● PROBLEM DETAILS
Please transcribe every record below exactly, leaving out the pictures.
Segment Start: DATA SHOWN
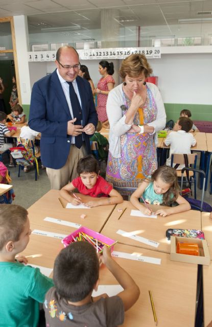 La normalidad ha sido la nota dominante en la mañana de hoy lunes 9 de septiembre, en la que unos 165.000 alumnos de infantil y primaria de más de 600 centros de toda la Región de Murcia volvían a las aulas. En Cartagena, el colegio La Atalaya ha sido el escenario elegido para esta apertura simbólica que ha contado con la presencia del consejero de Educación, Universidad y Empleo, Pedro Antonio Sánchez López, y la alcaldesa de Cartagena, Pilar Barreiro. También han asistido las ediles de Educación, Josefa Maroto, y Cultura, María del Rosario Montero.
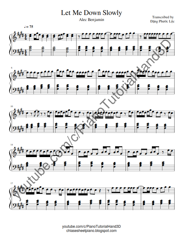 Littletranscriber Let Me Down Slowly Sheet Music Piano Solo In C Minor Download Print Sku Mn0195001
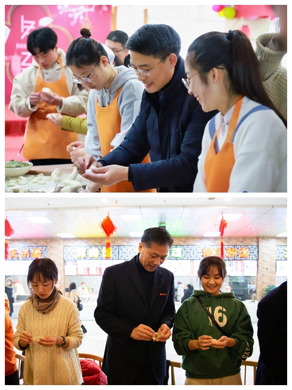 师生齐聚,喜迎冬至。校党委副书记邓敏、副校长杨一心分别来到天赐庄校区和独墅湖校区学生餐厅,与同学们一起包饺子、吃团圆饭,畅谈学习生活,分享人生经验,其乐融融!同学们还向保安大叔和宿管阿姨送上了自己亲手包的饺子和写满暖心话语的明信片,以感谢他们的辛勤付出与守护。“太感谢同学们了,天气这么冷还麻烦你们送饺子过来,心里暖暖的!”保安大叔们端起手中饺子难掩激动的心情。
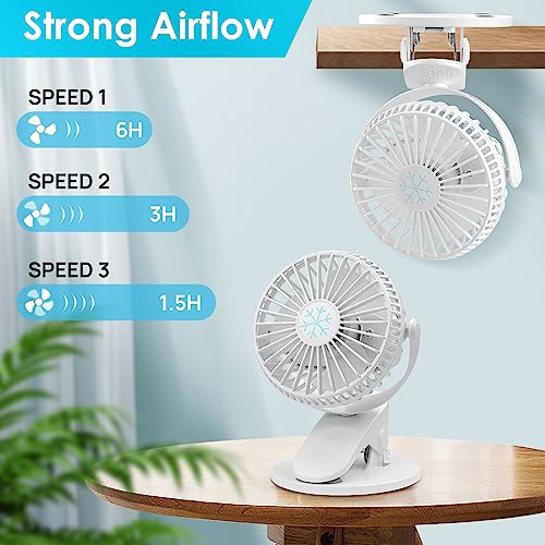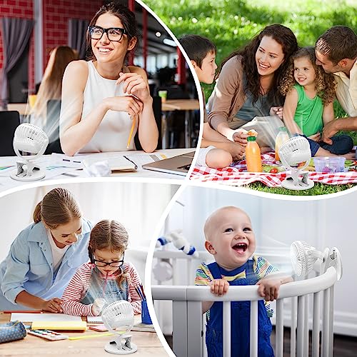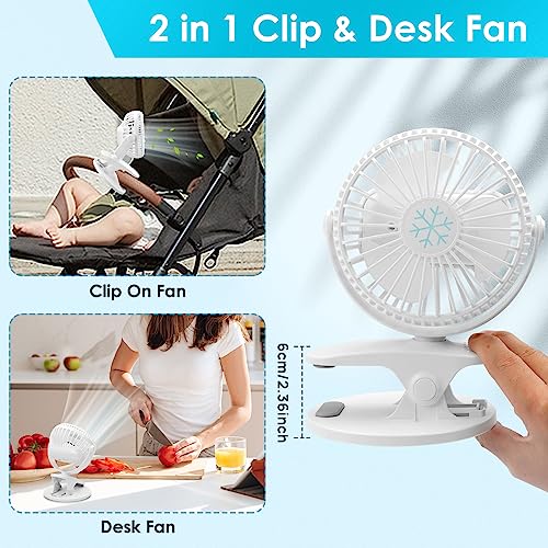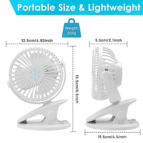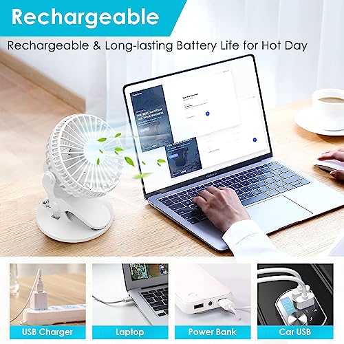 COZII - كوزي مروحة مكتب صغيرة بمشبك قابلة لاعادة الشحن بمنفذ USB بـ3 سرعات للدوران 720 درجة صامتة للمكتب وغرفة النوم وعربة الاطفال أبيض
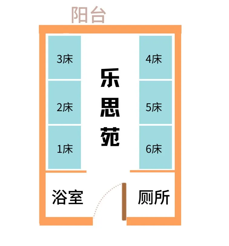 六人间床位排列顺序为:靠门左手边床位为1号,靠门右手边为6号,3号与4号靠近阳台。
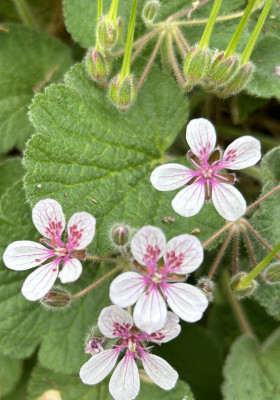 A woody-based perennial, to 30cm high, with long-stalked, apple-green, heart-shaped leaves. Flowers in clusters are white, the upper two petals spotted with purple, and borne from early summer onwards
Segment End: DATA SHOWN
● EXPECTED ANSWER
 La normalidad ha sido la nota dominante en la mañana de hoy lunes 9 de septiembre, en la que unos 165.000 alumnos de infantil y primaria de más de 600 centros de toda la Región de Murcia volvían a las aulas. En Cartagena, el colegio La Atalaya ha sido el escenario elegido para esta apertura simbólica que ha contado con la presencia del consejero de Educación, Universidad y Empleo, Pedro Antonio Sánchez López, y la alcaldesa de Cartagena, Pilar Barreiro. También han asistido las ediles de Educación, Josefa Maroto, y Cultura, María del Rosario Montero.
 Littletranscriber Let Me Down Slowly Sheet Music Piano Solo In C Minor Download Print Sku Mn0195001
 师生齐聚,喜迎冬至。校党委副书记邓敏、副校长杨一心分别来到天赐庄校区和独墅湖校区学生餐厅,与同学们一起包饺子、吃团圆饭,畅谈学习生活,分享人生经验,其乐融融!同学们还向保安大叔和宿管阿姨送上了自己亲手包的饺子和写满暖心话语的明信片,以感谢他们的辛勤付出与守护。“太感谢同学们了,天气这么冷还麻烦你们送饺子过来,心里暖暖的!”保安大叔们端起手中饺子难掩激动的心情。
 COZII - كوزي مروحة مكتب صغيرة بمشبك قابلة لاعادة الشحن بمنفذ USB بـ3 سرعات للدوران 720 درجة صامتة للمكتب وغرفة النوم وعربة الاطفال أبيض
 六人间床位排列顺序为:靠门左手边床位为1号,靠门右手边为6号,3号与4号靠近阳台。
 A woody-based perennial, to 30cm high, with long-stalked, apple-green, heart-shaped leaves. Flowers in clusters are white, the upper two petals spotted with purple, and borne from early summer onwards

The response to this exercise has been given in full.